AIM OF THE TASK ▸ Reproduce the lines below exactly, from the one containing "Bản-vẽ-kĩ-thuậ" through the one containing "当前存在FF7、CCFF7、", both included. Leave out any pictures.

DATA FOR THE TASK ▸
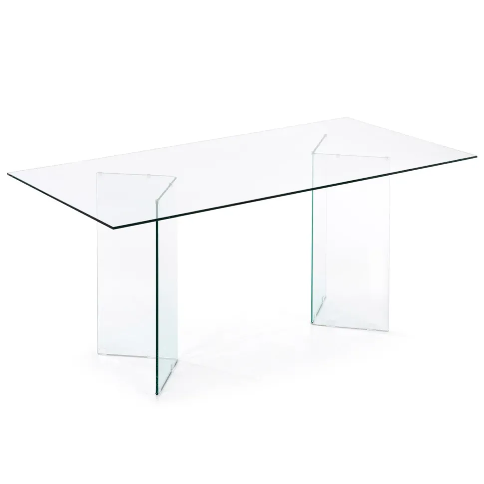 - Minimalistisch design van glas, met vloeiende lijnen en afgeronde uiteinden. Ideaal voor kleine ruimtes, het creëert licht en een gevoel van ruimte.
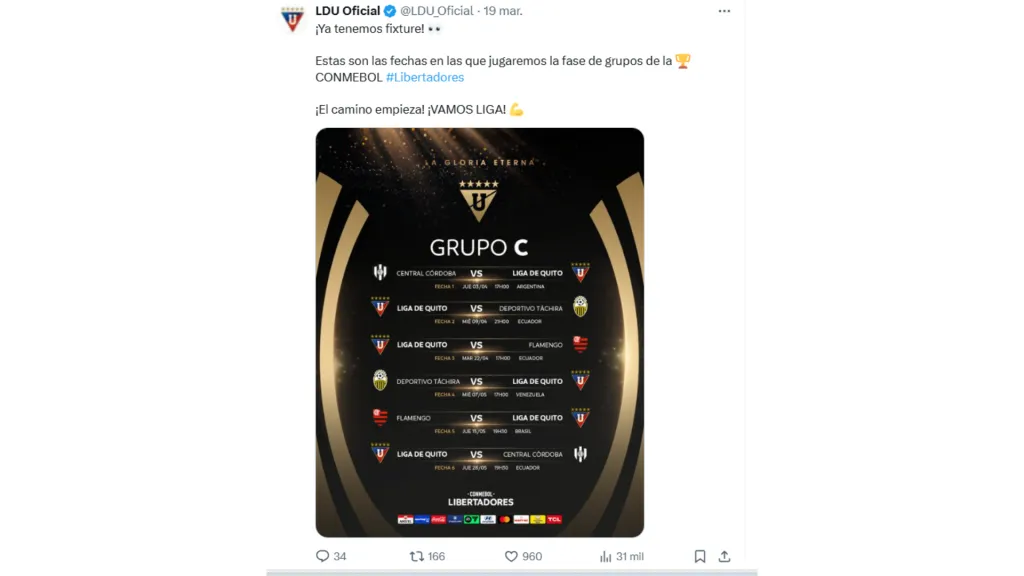 El partido entre Liga de Quito y Barcelona SC está programado para el 6 de abril de 2025 en el estadio Rodrigo Paz Delgado. Sin embargo, en medio de la semana los amarillos estarían jugando contra Independiente del Valle en Guayaquil, mientras que Liga estará en Argentina enfrentando a Central Córdoba.
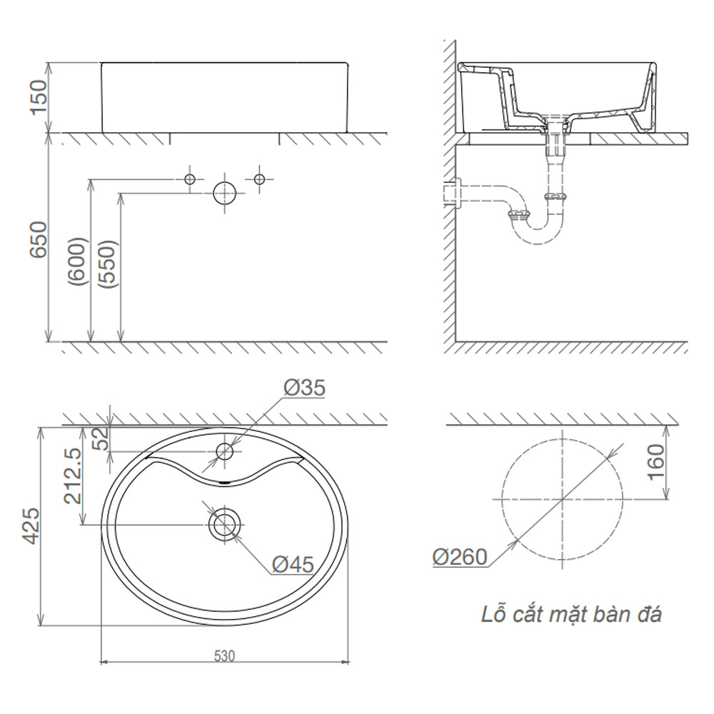 Bản-vẽ-kĩ-thuật-chậu-lavabo-VIGLACERA-CD 19-đặt-bàn
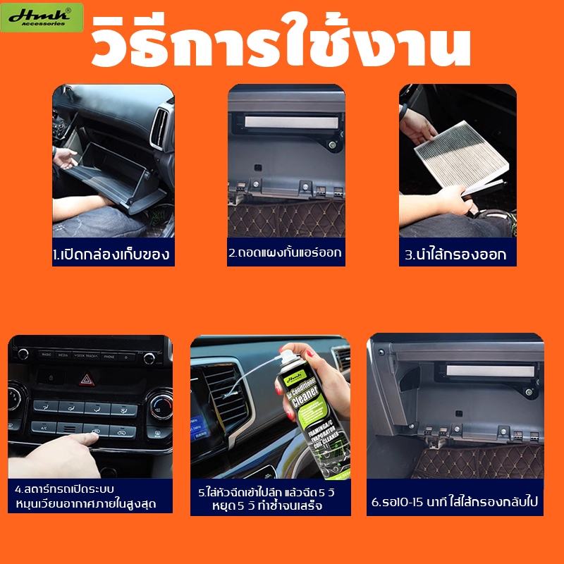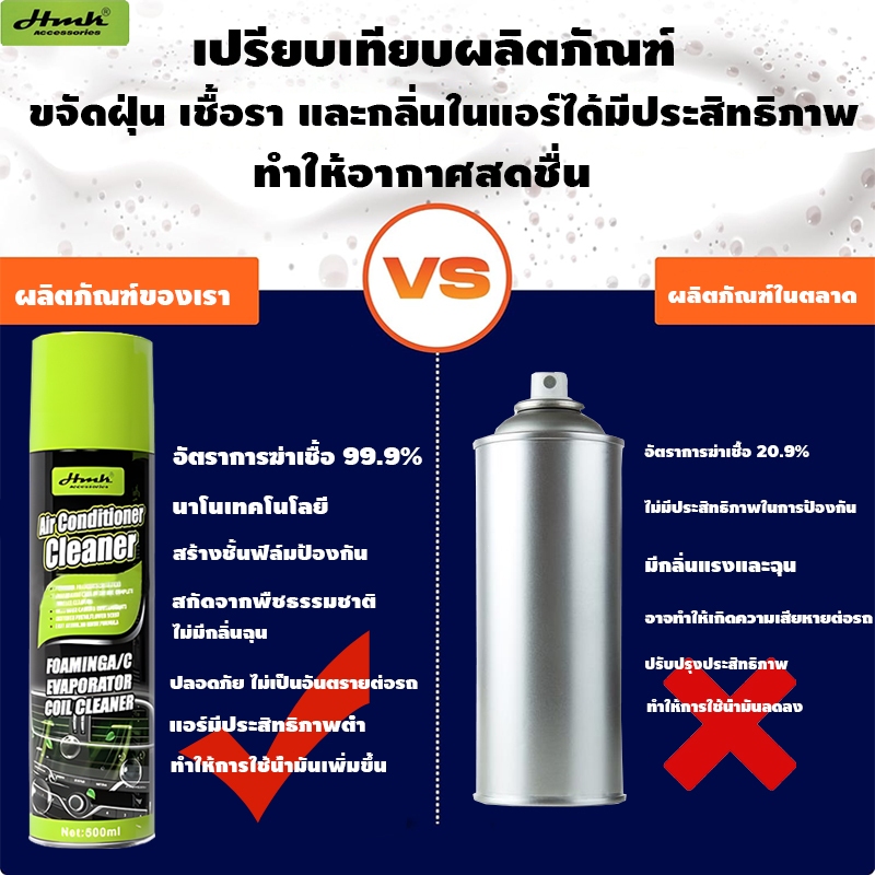 HMK โฟมล้างแอร์ 500ml ทำความสะอาดแอร์รถ ใช้งานง่าย ไม่ต้องถอดชิ้นส่วน โฟมล้างแอร์ น้ำยาล้างแอร์
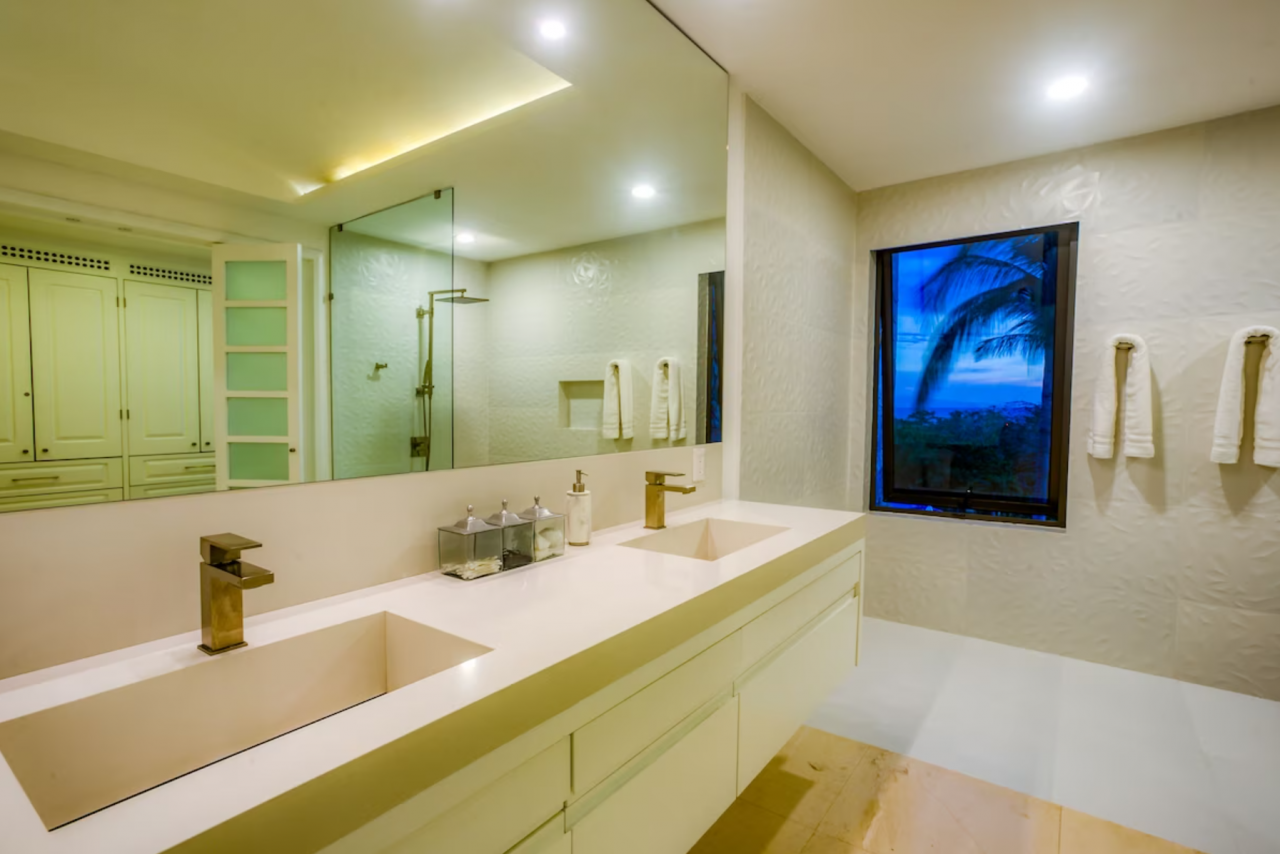 Primary Bedroom: The Primary Bedroom is equipped with a king-sized bed, a TV, air conditioning, and an ensuite bathroom.
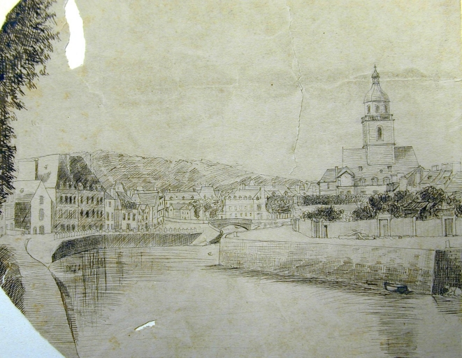 Le port, les quais et la basse ville. Dessin de Joseph Bigot, avant 1862 (A.E. Quimper)Immatriculation
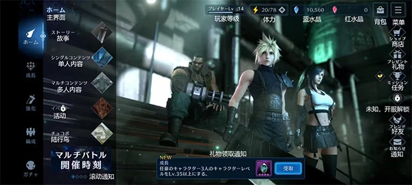 当前存在FF7、CCFF7、FF7FS(奇怪的是,竟然没有地狱犬和危机前夕???)。在完成剧情后,所有人物均可获取经验,且无需消耗体力。剧情章节会依据游戏运营的节奏逐步解锁,一定要优先完成故事模式 。
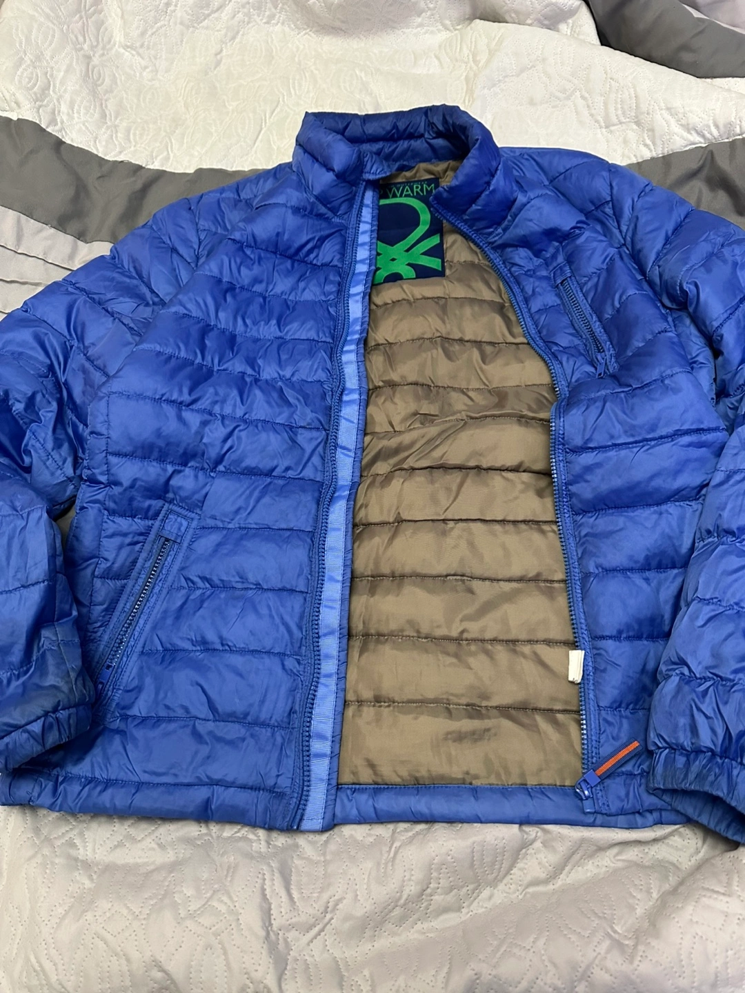 Men's blue quilted jacket. Size 50. Features a high collar and zipper closure. Multiple pockets. Machine washable. Made in China. Pay by cash please
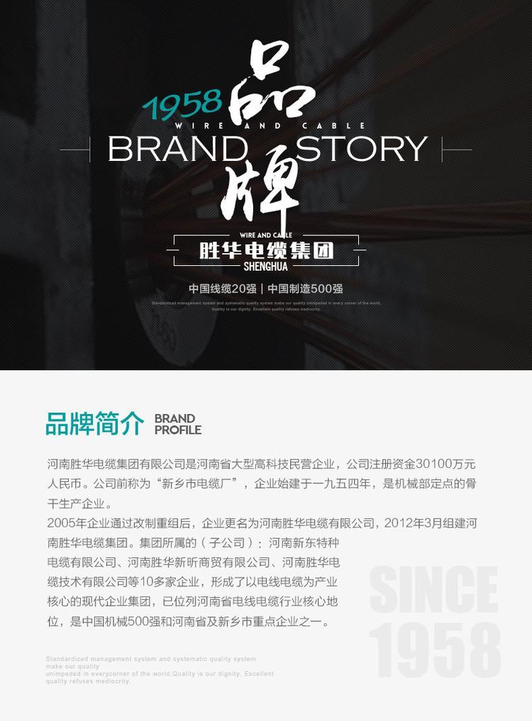 河南胜华电缆集团有限公司是一家集专业研发、生产、销售、服务于一体的电线电缆高科技民营企业。近年来,企业获得高新技术企业、中国机械500强、创新发展工作先进企业、河南省节能减排科技创新示范企业、河南省信用建设示范单位、AAA信用等级、河南省质量诚信AA级企业、“守合同重信用”企业等众多荣誉称号。
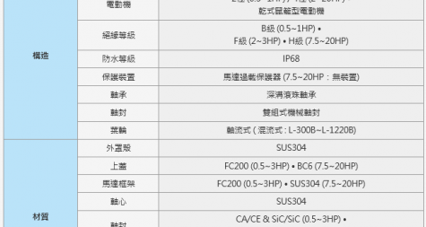 ● 泵浦結構堅實,乾式馬達,雙組式機械軸封,防水佳,葉輪導流裝置,水流順暢,可長期運轉使用,泵浦防水等級符合IP68。
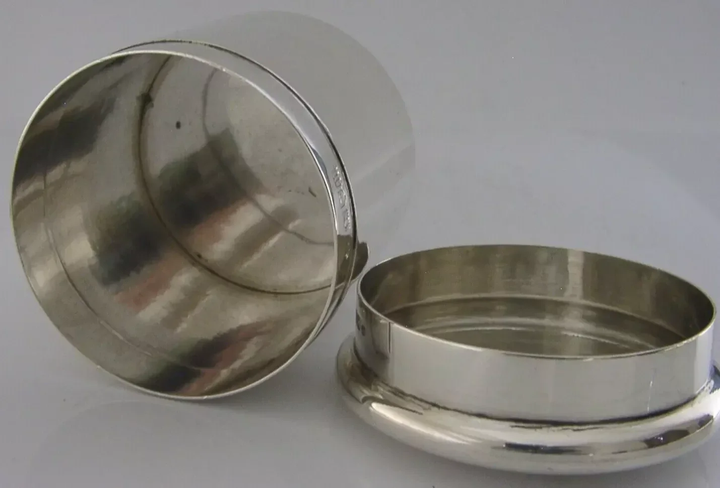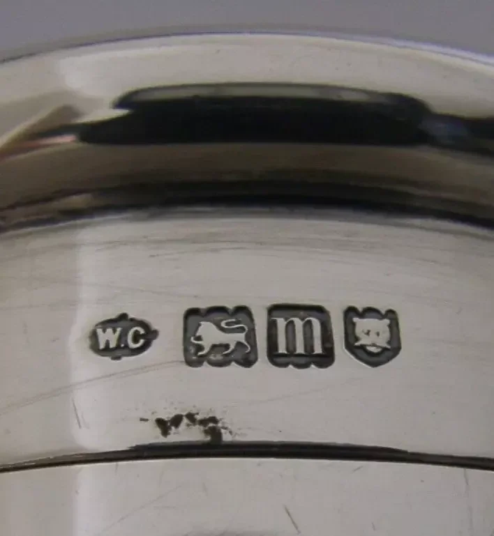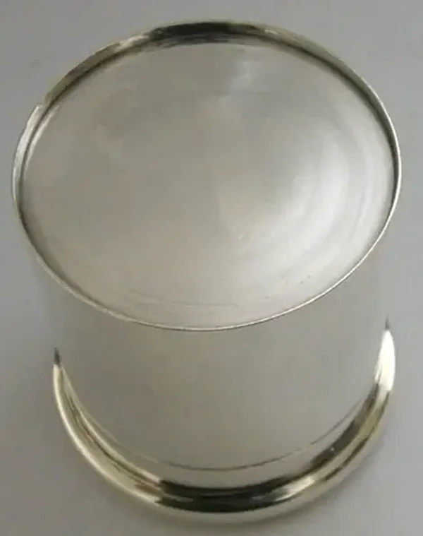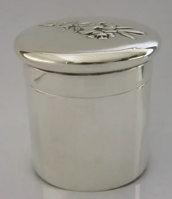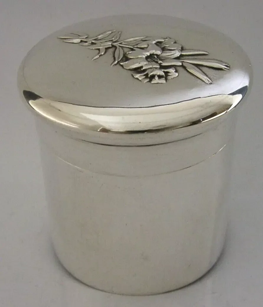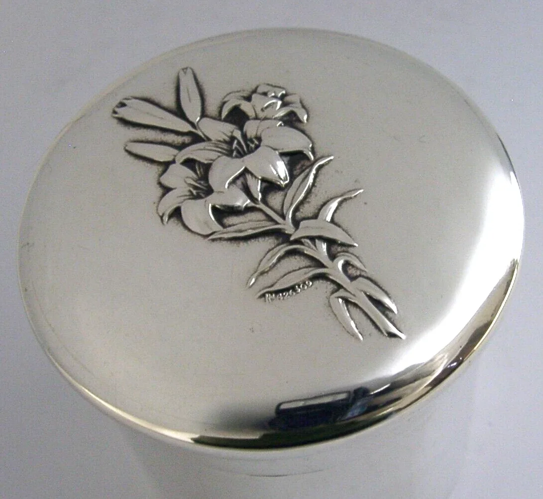 A beautifully English antique solid sterling silver dressing table box or tea caddy. It is hallmarked for London 1907 with the makers marks being that of William Comyns & Sons. It has been beautifully designed with the lid being embossed with lilies. It is in super condition being free from dings splits holes and repairs, the inside is clean and the top fits tightly. It measures approx. 3 inches (7.2cm) across the lid by 2.5 inches (6.5cm) across the base by 3 inches (7.6cm) tall and weighs 118 grams. A beautiful piece.

EXERCISE OUTPUT ▸
 Bản-vẽ-kĩ-thuật-chậu-lavabo-VIGLACERA-CD 19-đặt-bàn
 HMK โฟมล้างแอร์ 500ml ทำความสะอาดแอร์รถ ใช้งานง่าย ไม่ต้องถอดชิ้นส่วน โฟมล้างแอร์ น้ำยาล้างแอร์
 Primary Bedroom: The Primary Bedroom is equipped with a king-sized bed, a TV, air conditioning, and an ensuite bathroom.
 Le port, les quais et la basse ville. Dessin de Joseph Bigot, avant 1862 (A.E. Quimper)Immatriculation
 当前存在FF7、CCFF7、FF7FS(奇怪的是,竟然没有地狱犬和危机前夕???)。在完成剧情后,所有人物均可获取经验,且无需消耗体力。剧情章节会依据游戏运营的节奏逐步解锁,一定要优先完成故事模式 。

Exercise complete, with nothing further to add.